BEGIN Given material

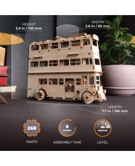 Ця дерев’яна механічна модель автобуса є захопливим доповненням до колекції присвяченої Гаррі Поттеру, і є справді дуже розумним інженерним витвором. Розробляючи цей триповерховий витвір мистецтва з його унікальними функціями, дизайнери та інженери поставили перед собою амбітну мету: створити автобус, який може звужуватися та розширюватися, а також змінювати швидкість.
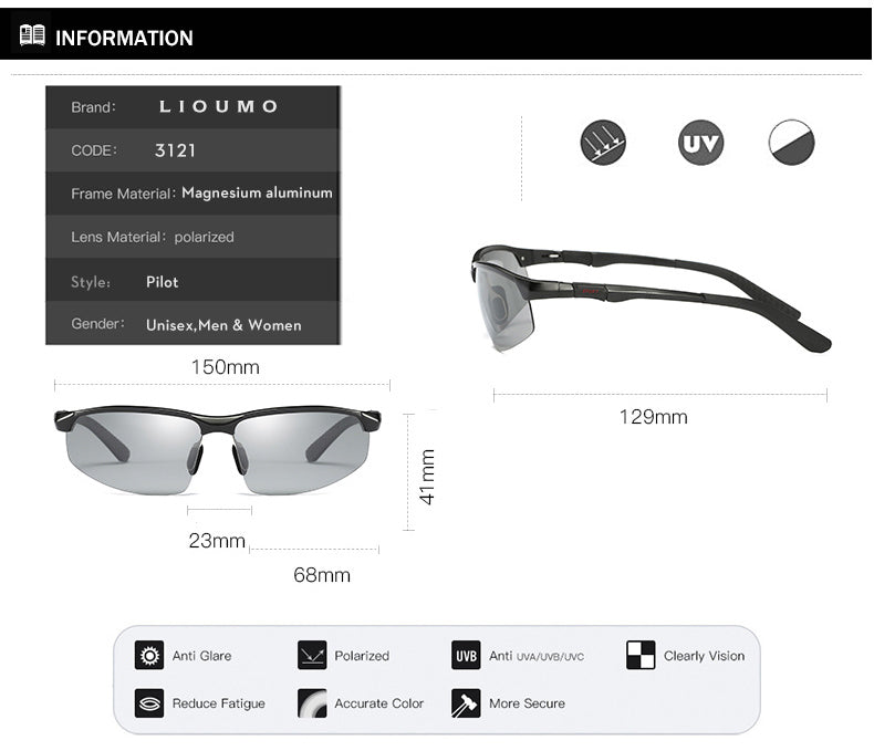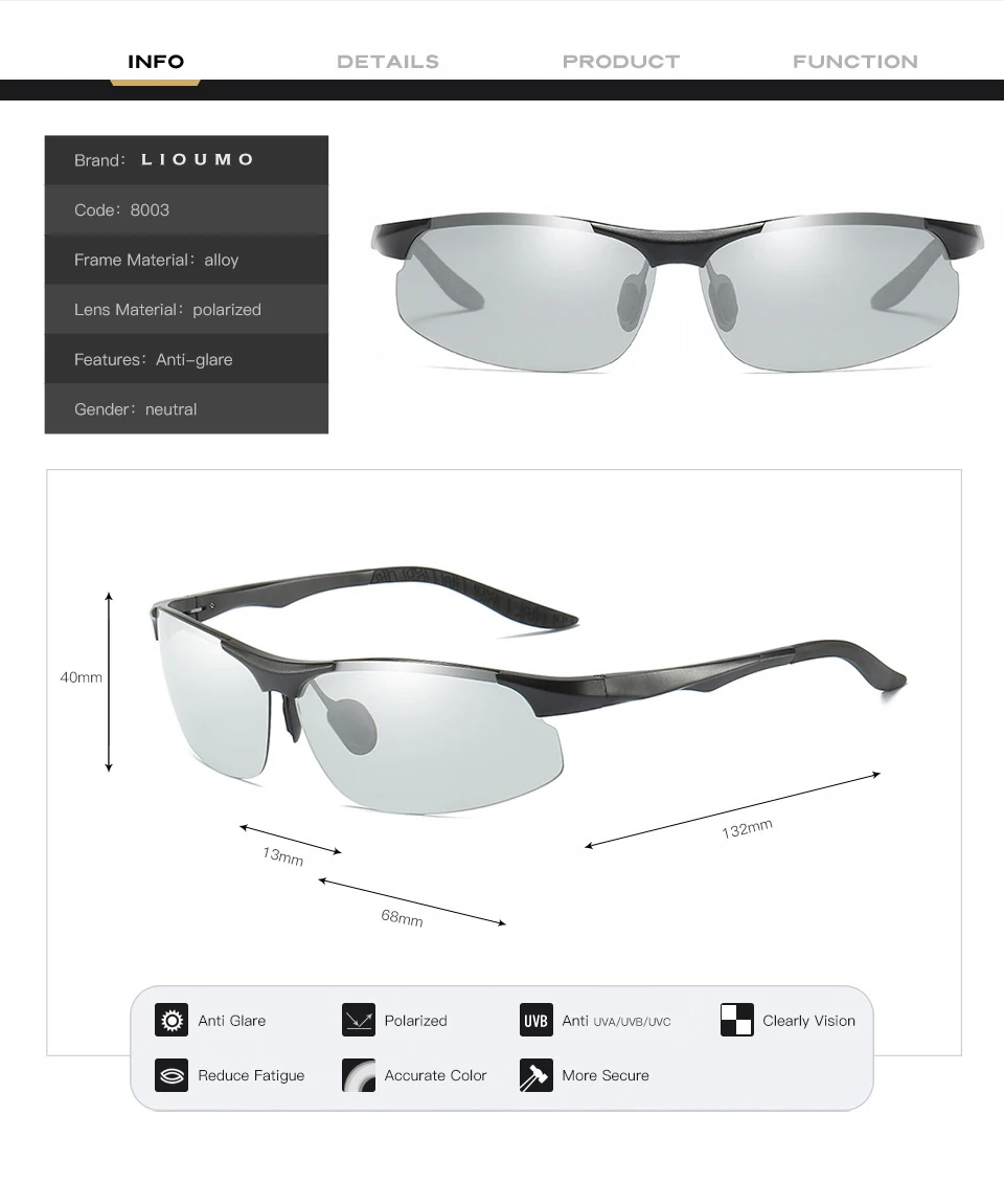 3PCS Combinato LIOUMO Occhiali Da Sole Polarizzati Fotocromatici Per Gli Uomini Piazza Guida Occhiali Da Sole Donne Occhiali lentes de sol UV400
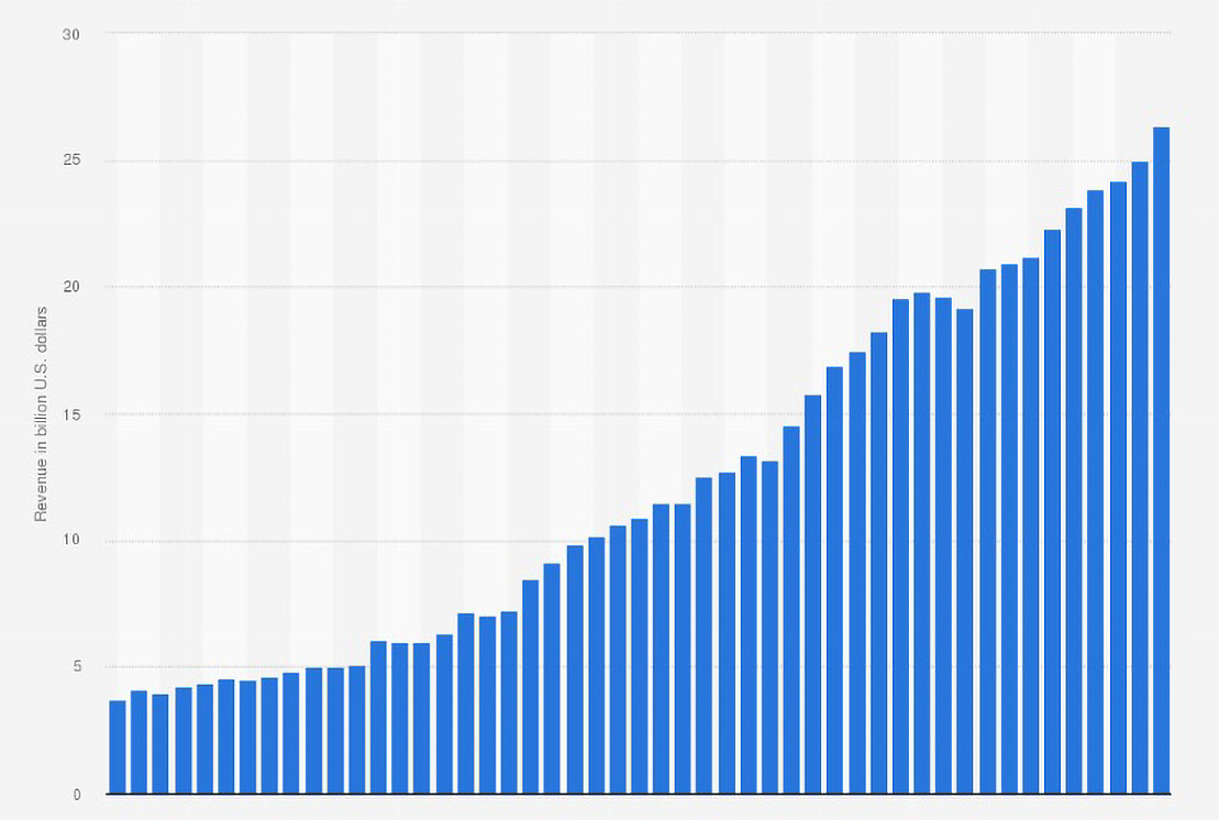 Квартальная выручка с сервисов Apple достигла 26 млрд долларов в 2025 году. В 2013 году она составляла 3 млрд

END Given material

■ **About this task**: Retype the listing exactly. Leave out its pictures.

■ **Exercise answer**:
 Ця дерев’яна механічна модель автобуса є захопливим доповненням до колекції присвяченої Гаррі Поттеру, і є справді дуже розумним інженерним витвором. Розробляючи цей триповерховий витвір мистецтва з його унікальними функціями, дизайнери та інженери поставили перед собою амбітну мету: створити автобус, який може звужуватися та розширюватися, а також змінювати швидкість.
 3PCS Combinato LIOUMO Occhiali Da Sole Polarizzati Fotocromatici Per Gli Uomini Piazza Guida Occhiali Da Sole Donne Occhiali lentes de sol UV400
 Квартальная выручка с сервисов Apple достигла 26 млрд долларов в 2025 году. В 2013 году она составляла 3 млрд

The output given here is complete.